[Supplied records — start]

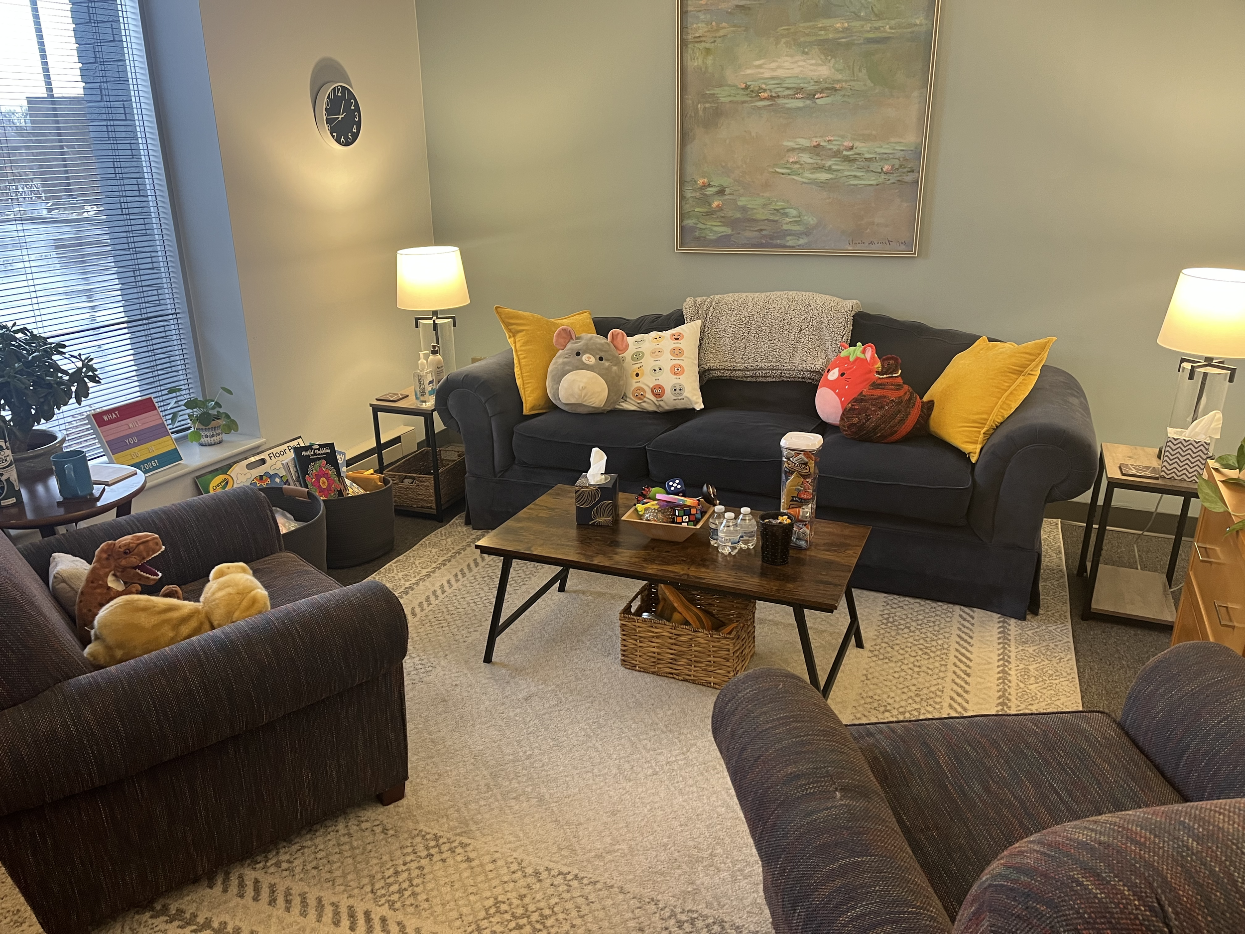 Please note that I share an office with a therapist who brings a dog with her to work. If this makes in-person appointments an issue, please let me know ahead of time so we can make accommodations.
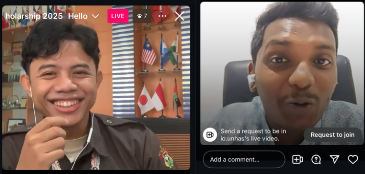 The International Office (IO) of Hasanuddin University (UNHAS) hosted a HELLO IO live Instagram session featuring Kumar Apurvakant Gautam, a recipient of the Kemitraan Negara Berkembang (KNB) Scholarship from India, currently studying at the Faculty of Public Health.
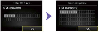 4. Az alábbiak közül az egyik képernyő megjelenik a nyomtatón, attól függően, hogy hozzáférési pontja melyik biztonsági módszert alkalmazza.
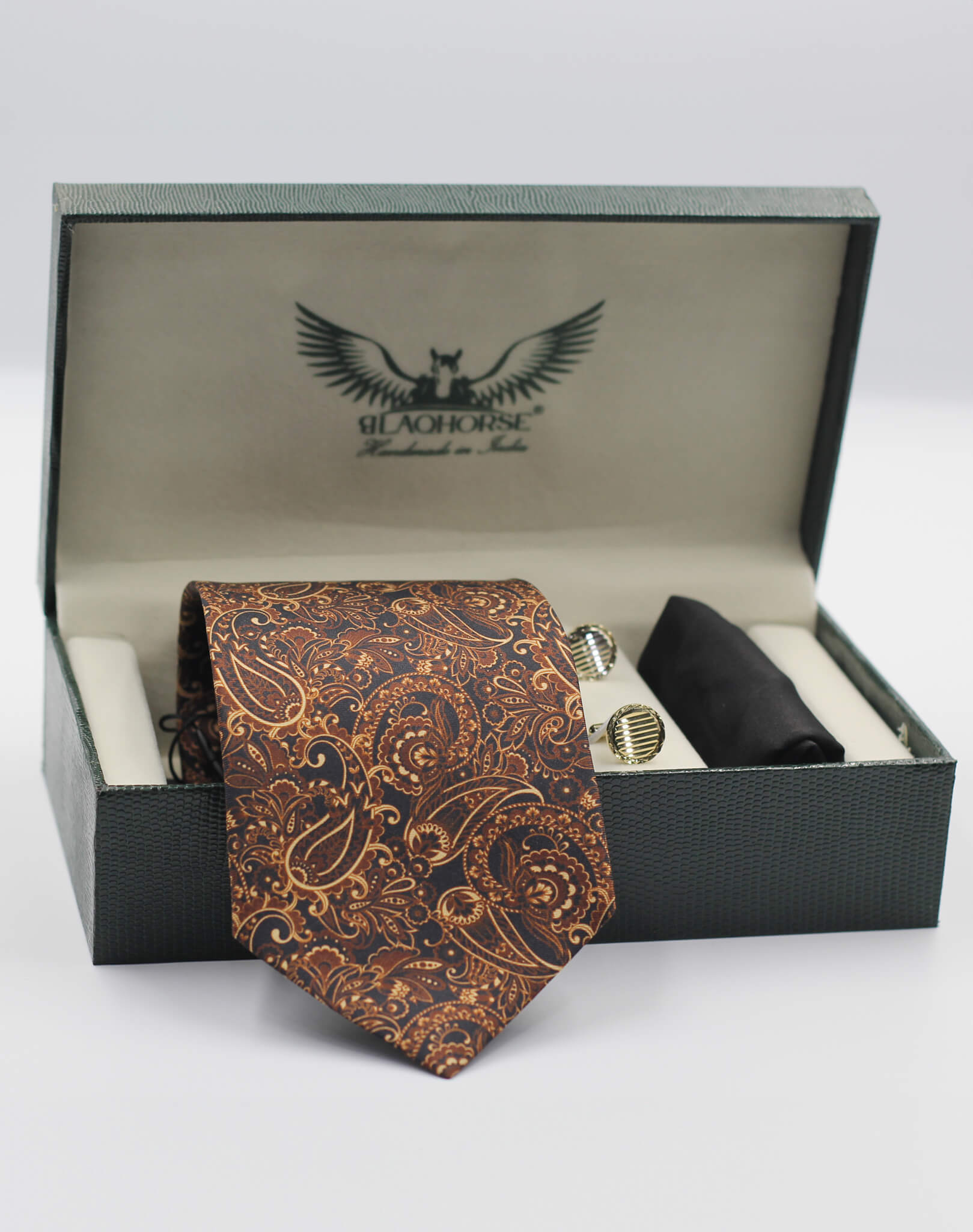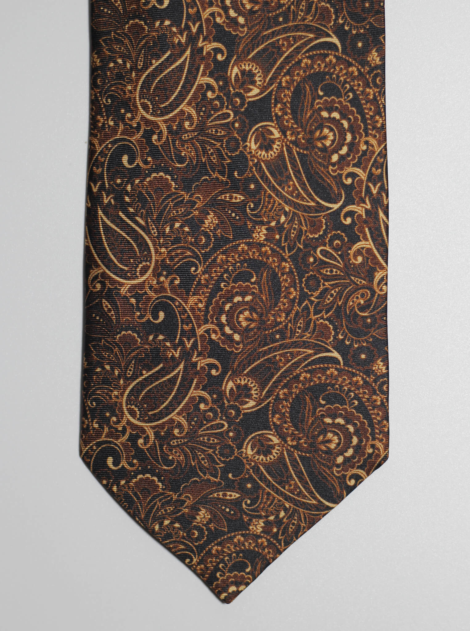 Elevate your accessory collection with our Brown and Black Paisley Madder Silk Tie with solid pocket square. Crafted from premium twill silk and treated with gum arabic for a uniquely soft, matte texture, this tie embodies both luxury and durability. The intricate geometric design paired with the rich navy hue adds a striking element to any outfit.
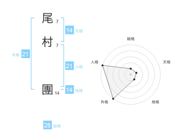 尾村 團さんの外格は21画の5点!
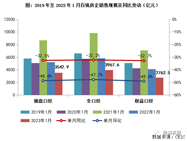 本周,克尔瑞公布了2023年1月份百强房地产企业销售情况。数据显示,1月,Top100房企仅实现销售操盘金额3542.9亿元,同比去年1月份降低32.5%,环比去年12月份销售金额降低48.6%。Top10房企中,国企开发商占据了7席。
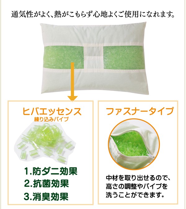 ヒバエッセンス練り込みパイプを使用しています。青森県のヒバの木から抽出した「ヒバエッセンス」をメーカー独自の技術でパイプに加工しました。ヒバエッセンスにはヒノキチオールという、天然物質では極めて抗菌性の高い成分が含まれています。(無加工品に比べ、抗菌・防臭効果があります。)ヒバエッセンスで安らかな森の眠りをご提案します。パイプ使用のため、通気性がよく、熱がこもらず心地よくご使用できます。ファスナー式で中材(パイプ)の交換、高さ(量)の調節が可能です。ご家庭で簡単にパイプが洗えます。
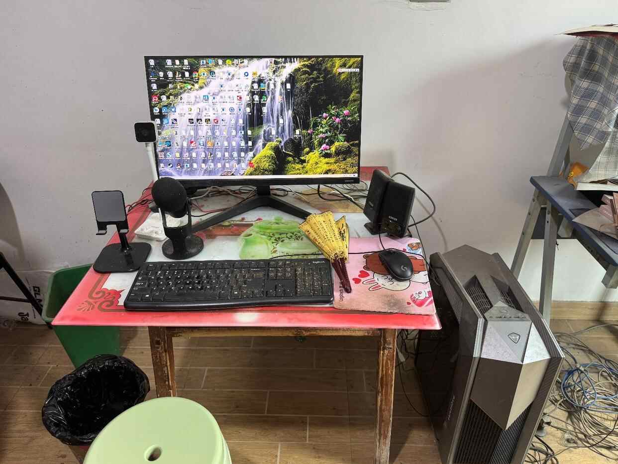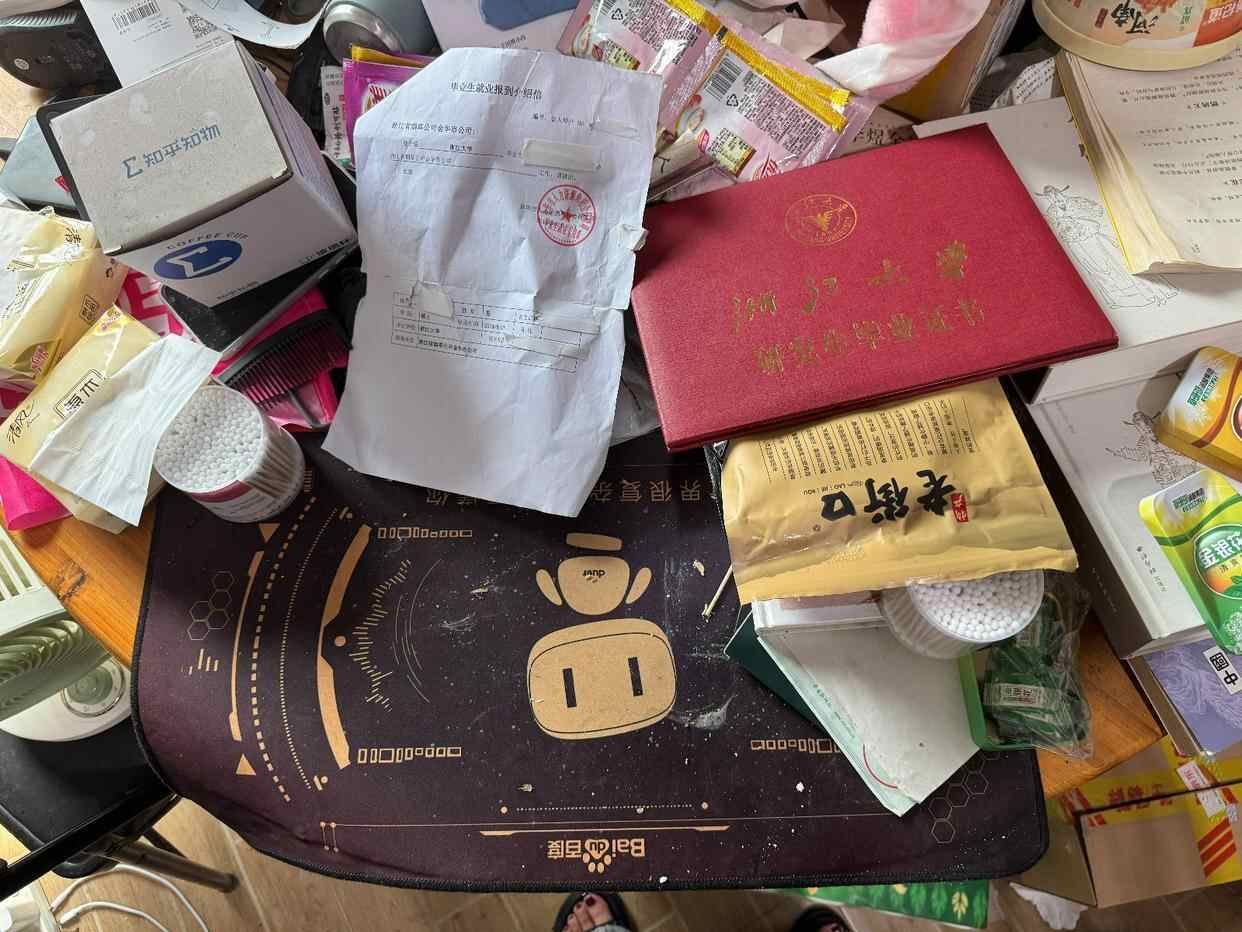 他和父母住在一起,十几平方米的房间堆得满满当当,进门的右手边地上堆满了书,书上落满灰尘,书堆前有两个大圆桌,桌上堆着旧书、杂物,还有他的浙江大学硕士毕业证书、做自媒体博主时大厂寄来的礼物。靠窗的位置放着两张电脑桌,一个落满了厚厚一层灰,另一个是农村常见的四角桌,桌子已有些脱漆,桌上放着电脑显示屏、键盘鼠标、手机支架、音响还有直播用的设备。
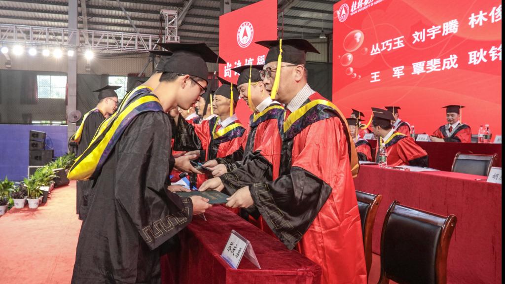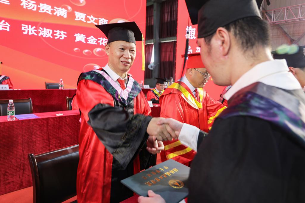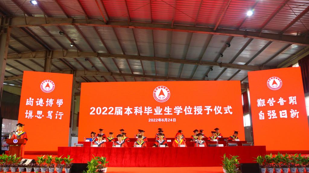 6月24日上午,pp电子2022届本科毕业生学位授予仪式在南校区隆重举行。党委书记李幼平,校长、学位委员会主任吴尽昭,党委副书记罗延忠,副校长罗国湘、詹皖生、李智,校友代表97级工业外贸专业、广西数字方舟信息技术有限公司董事长、南宁校友会常务副会长温京龙先生,以及pp电子学位委员会委员共同为2022届毕业的本科生颁发学士学位证书,正冠扶苏。
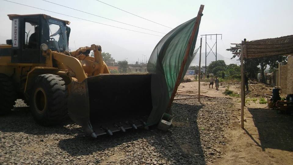 Para este desalojo se contó con maquinaria pesada ya que los informales habían construido pozos para almacenar agua, así como diferentes estructuras de material noble donde guardaban sus equipos de presión que usaban para poder lavar los carros, muchos de ellos de taxistas y conductores de colectivos que cubren la ruta entre esos dos distritos.
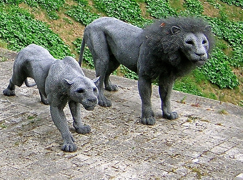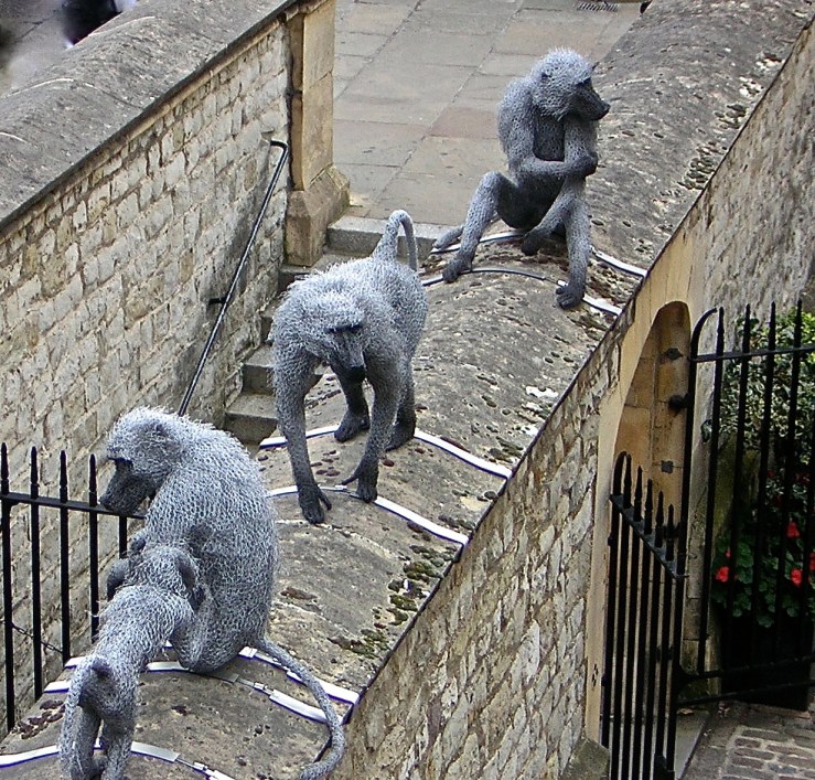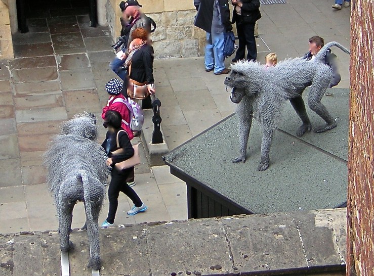 The baboons, lions, elephant, and polar bear are remarkably life-like, especially considering that they are made out of chicken wire (with a steel armature within). Haste was commissioned to create the animals in 2010, and they were installed in 2011 as part of the Tower’s “Royal Beasts” exhibit. They will remain in place for 10 years.
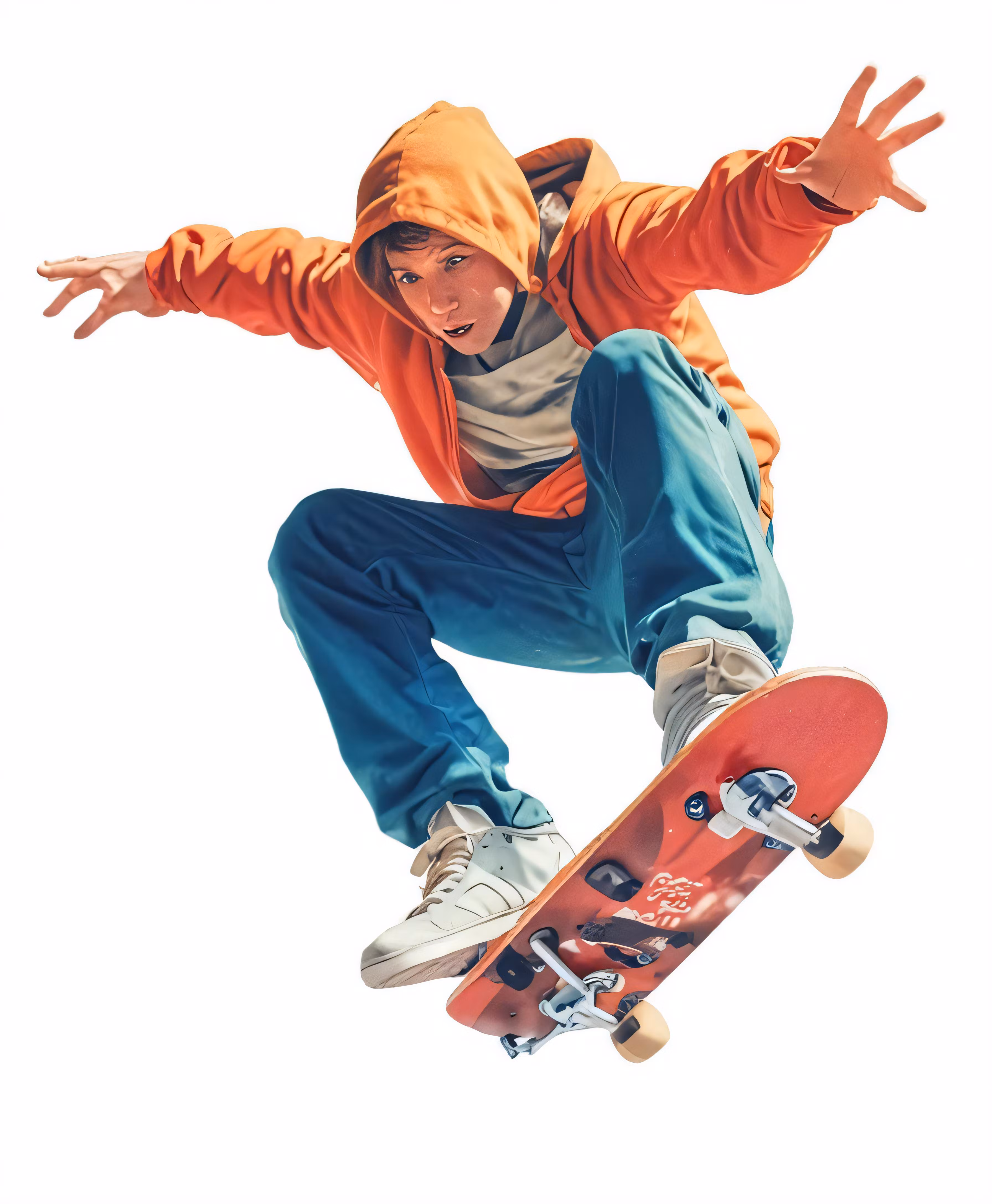 High resolution picture, free to use, skateboarder in the air doing a trick on his board

[Supplied records — finish]

What to do – Write out each line exactly, from the one containing "Elevate your accessory" through the end of the entries, and skip the pictures.

Task response –
 Elevate your accessory collection with our Brown and Black Paisley Madder Silk Tie with solid pocket square. Crafted from premium twill silk and treated with gum arabic for a uniquely soft, matte texture, this tie embodies both luxury and durability. The intricate geometric design paired with the rich navy hue adds a striking element to any outfit.
 尾村 團さんの外格は21画の5点!
 本周,克尔瑞公布了2023年1月份百强房地产企业销售情况。数据显示,1月,Top100房企仅实现销售操盘金额3542.9亿元,同比去年1月份降低32.5%,环比去年12月份销售金额降低48.6%。Top10房企中,国企开发商占据了7席。
 ヒバエッセンス練り込みパイプを使用しています。青森県のヒバの木から抽出した「ヒバエッセンス」をメーカー独自の技術でパイプに加工しました。ヒバエッセンスにはヒノキチオールという、天然物質では極めて抗菌性の高い成分が含まれています。(無加工品に比べ、抗菌・防臭効果があります。)ヒバエッセンスで安らかな森の眠りをご提案します。パイプ使用のため、通気性がよく、熱がこもらず心地よくご使用できます。ファスナー式で中材(パイプ)の交換、高さ(量)の調節が可能です。ご家庭で簡単にパイプが洗えます。
 他和父母住在一起,十几平方米的房间堆得满满当当,进门的右手边地上堆满了书,书上落满灰尘,书堆前有两个大圆桌,桌上堆着旧书、杂物,还有他的浙江大学硕士毕业证书、做自媒体博主时大厂寄来的礼物。靠窗的位置放着两张电脑桌,一个落满了厚厚一层灰,另一个是农村常见的四角桌,桌子已有些脱漆,桌上放着电脑显示屏、键盘鼠标、手机支架、音响还有直播用的设备。
 6月24日上午,pp电子2022届本科毕业生学位授予仪式在南校区隆重举行。党委书记李幼平,校长、学位委员会主任吴尽昭,党委副书记罗延忠,副校长罗国湘、詹皖生、李智,校友代表97级工业外贸专业、广西数字方舟信息技术有限公司董事长、南宁校友会常务副会长温京龙先生,以及pp电子学位委员会委员共同为2022届毕业的本科生颁发学士学位证书,正冠扶苏。
 Para este desalojo se contó con maquinaria pesada ya que los informales habían construido pozos para almacenar agua, así como diferentes estructuras de material noble donde guardaban sus equipos de presión que usaban para poder lavar los carros, muchos de ellos de taxistas y conductores de colectivos que cubren la ruta entre esos dos distritos.
 The baboons, lions, elephant, and polar bear are remarkably life-like, especially considering that they are made out of chicken wire (with a steel armature within). Haste was commissioned to create the animals in 2010, and they were installed in 2011 as part of the Tower’s “Royal Beasts” exhibit. They will remain in place for 10 years.
 High resolution picture, free to use, skateboarder in the air doing a trick on his board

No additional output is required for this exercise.